Jim Speake

My Generation

Don't Tell Mama
New York, NY
We recalled Jim Speake’s Cy Coleman show a year earlier, after which we wrote “there’s a showman inside Jim Speake that revealed itself too few times,” making us eager to catch his new one, My Generation, to see what changes time had wrought.

One change was that Speake had shifted his attentions from the more traditional cabaret fare of Coleman’s musical theater songs to a collection of songs from the 'sixties and 'seventies.  He did note another change. The earlier mantra of “don’t trust anyone over thirty” seemed out of date now that his “orthopedic shoe is on the other foot.”

My Generation included works by songwriters Jimmy Webb, Lennon and McCartney, Carole King, Stevie Wonder, Carly Simon, Jim Croce and others, a nostaligia trip for baby boomers as retirement age approaches for many of them.

Speake has flashes of vivacity on Don’t Tell Mama’s cozy backroom stage.
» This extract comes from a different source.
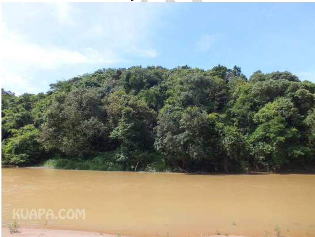
เขาพระนารายณ์ (เขาเวียงในจดหมายเหตุ)

ตามระยะทางที่ไปวันนี้ได้ผ่านหมู่บ้านไปหลายหมู่บ้าน พอถึงบ้านพวกพม่าได้ หยุดพักกินน้ำบ้าง ผมช่างนึกโล่งแทนจริง ๆ เดินไปร้อนเหงื่อโชก ๆ แต่ผมที่หนึ่งไป บนเก้าอี้ยังร้อนพอแรงการทางก็มีใช้ใกล้ จากปลับปลาที่ประทับแรมนี้ไปถึง ปลับปลาประทับร้อนที่เขาเวียงระยะทางถึง ๒๖๗ เส้น ที่ประทับร้อนนี้อยู่ในแขวง อำเภอกะปง นายอำเภอก็ได้ทำปลับปลารับเสด็จเข้าแบบโรงนาอีก เย็นสบายดี มี ผู้คนมากคอยเฝ้ารับเสด็จอยู่มาก กำหนดคนหนึ่งกับผู้ใหญ่บ้านอีก ๒ คน ได้จัดเครื่อง ถวายเป็นของขวัญจะเก่ง กำหนดผู้ใหญ่วบ้านจัดเครื่องถวายไม่มีใครจะเคยพบและพวกที่ตาม เสด็จออกจะพากันหาร ๆ แต่ครั้งไปถึงที่แล้วก็ยังมีเครื่องเลี้ยงจริง แต่ว่าใครจะได้ อุดหนุนบ้างหรือไม่ผมไม่ทราบ กำหนดและผู้ใหญ่วบ้านที่จัดเครื่องนั้น ท่านเจ้าเมืองได้ นำเฝ้า เป็นเงินทั้ง ๓ คน ทำทางดูก็ดี

A lusty opener with Jimmy Webb’s "Up, Up and Away,” and a jubilant rendition of Jim Croce’s “You Don’t Mess Around with Jim”— replete with added material of his own.

With Speake were Steven Ray Watkins on piano, electric bass player Don Fabricatore, drummer Jerry Smith, and two backup singers, Wendy A. Russell and Lennie Watts, who also directed the program.  They hit their peak as an ensemble when the singers came downstage, and with everyone jamming away, did a rollicking Chicago medley.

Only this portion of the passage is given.